**PROBLEM REQUIREMENTS:**
Set down the data below in full and exactly, minus the pictures.

Stored items
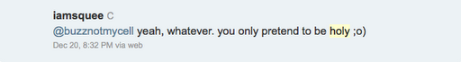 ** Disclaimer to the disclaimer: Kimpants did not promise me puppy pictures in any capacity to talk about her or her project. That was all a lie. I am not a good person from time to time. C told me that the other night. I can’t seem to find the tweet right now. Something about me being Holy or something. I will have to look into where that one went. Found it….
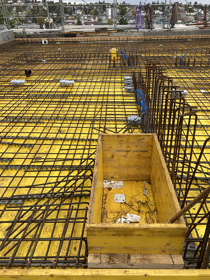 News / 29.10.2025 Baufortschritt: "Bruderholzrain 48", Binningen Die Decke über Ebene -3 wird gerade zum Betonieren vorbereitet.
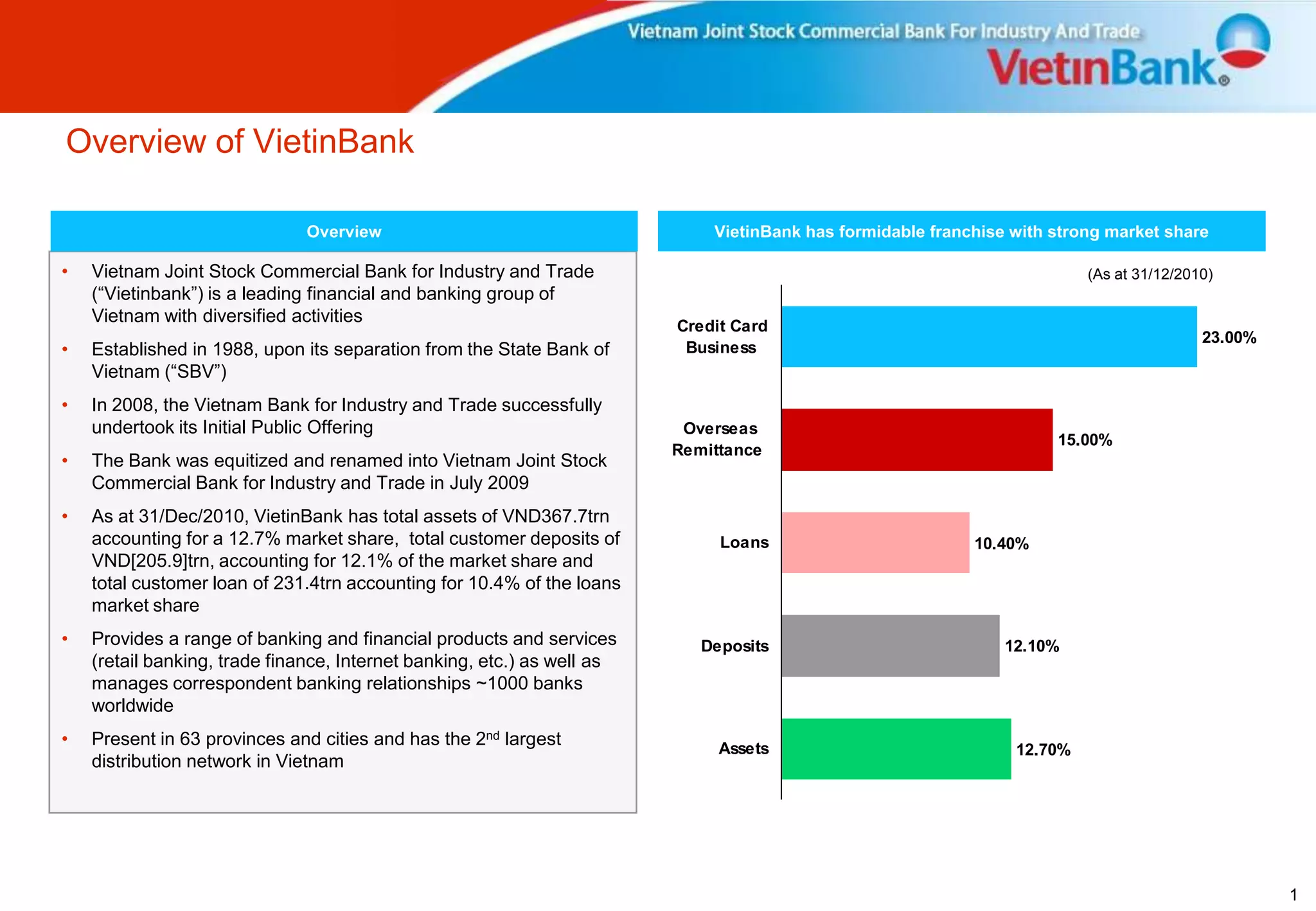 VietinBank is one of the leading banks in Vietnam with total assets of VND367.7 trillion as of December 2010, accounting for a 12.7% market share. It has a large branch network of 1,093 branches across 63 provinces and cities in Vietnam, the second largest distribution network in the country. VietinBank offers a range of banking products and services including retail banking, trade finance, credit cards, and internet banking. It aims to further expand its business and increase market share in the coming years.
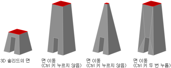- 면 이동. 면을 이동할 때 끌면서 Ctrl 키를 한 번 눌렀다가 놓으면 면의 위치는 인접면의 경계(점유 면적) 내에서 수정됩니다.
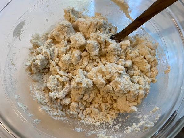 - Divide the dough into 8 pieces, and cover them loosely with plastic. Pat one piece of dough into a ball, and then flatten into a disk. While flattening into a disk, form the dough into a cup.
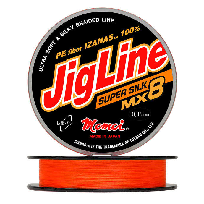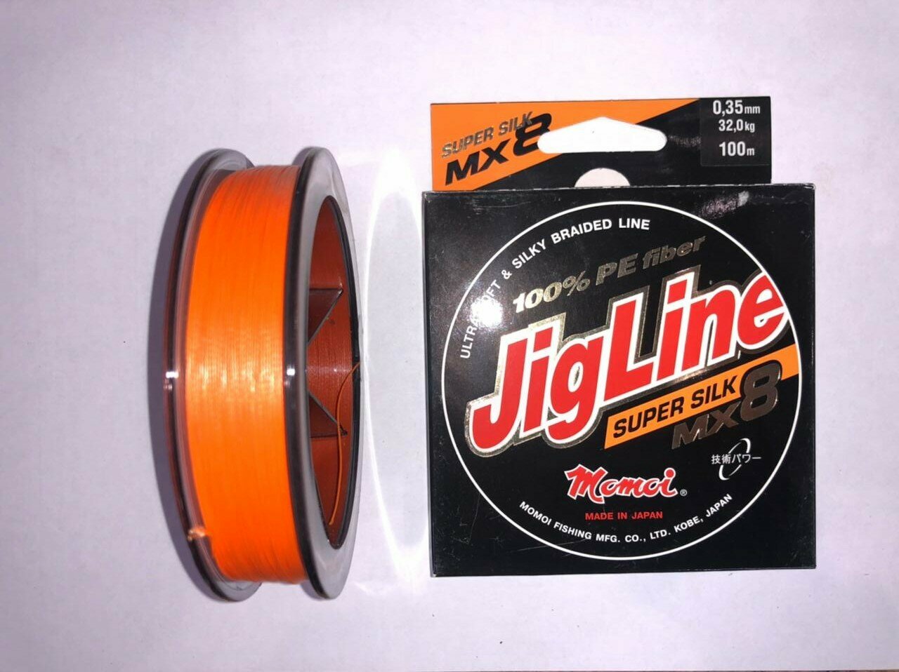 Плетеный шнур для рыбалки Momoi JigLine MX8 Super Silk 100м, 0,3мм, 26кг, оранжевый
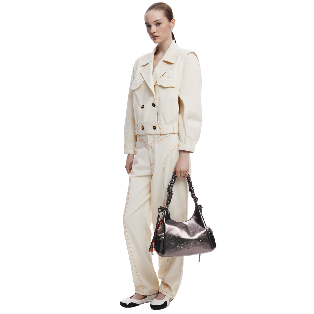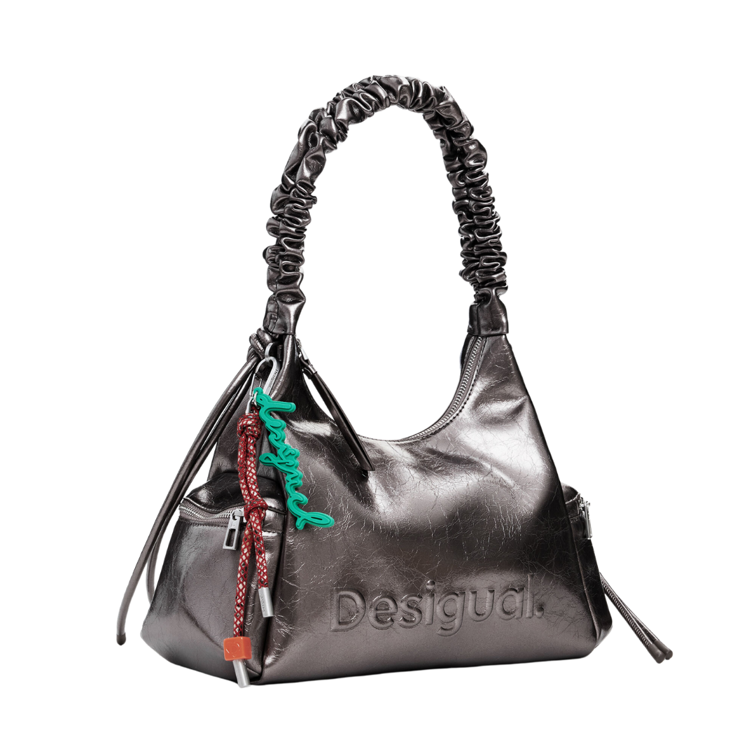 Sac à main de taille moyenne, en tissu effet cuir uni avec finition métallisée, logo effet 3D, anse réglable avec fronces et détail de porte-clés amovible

**OUTPUT FOR THIS TASK:**
 ** Disclaimer to the disclaimer: Kimpants did not promise me puppy pictures in any capacity to talk about her or her project. That was all a lie. I am not a good person from time to time. C told me that the other night. I can’t seem to find the tweet right now. Something about me being Holy or something. I will have to look into where that one went. Found it….
 News / 29.10.2025 Baufortschritt: "Bruderholzrain 48", Binningen Die Decke über Ebene -3 wird gerade zum Betonieren vorbereitet.
 VietinBank is one of the leading banks in Vietnam with total assets of VND367.7 trillion as of December 2010, accounting for a 12.7% market share. It has a large branch network of 1,093 branches across 63 provinces and cities in Vietnam, the second largest distribution network in the country. VietinBank offers a range of banking products and services including retail banking, trade finance, credit cards, and internet banking. It aims to further expand its business and increase market share in the coming years.
- 면 이동. 면을 이동할 때 끌면서 Ctrl 키를 한 번 눌렀다가 놓으면 면의 위치는 인접면의 경계(점유 면적) 내에서 수정됩니다.
 - Divide the dough into 8 pieces, and cover them loosely with plastic. Pat one piece of dough into a ball, and then flatten into a disk. While flattening into a disk, form the dough into a cup.
 Плетеный шнур для рыбалки Momoi JigLine MX8 Super Silk 100м, 0,3мм, 26кг, оранжевый
 Sac à main de taille moyenne, en tissu effet cuir uni avec finition métallisée, logo effet 3D, anse réglable avec fronces et détail de porte-clés amovible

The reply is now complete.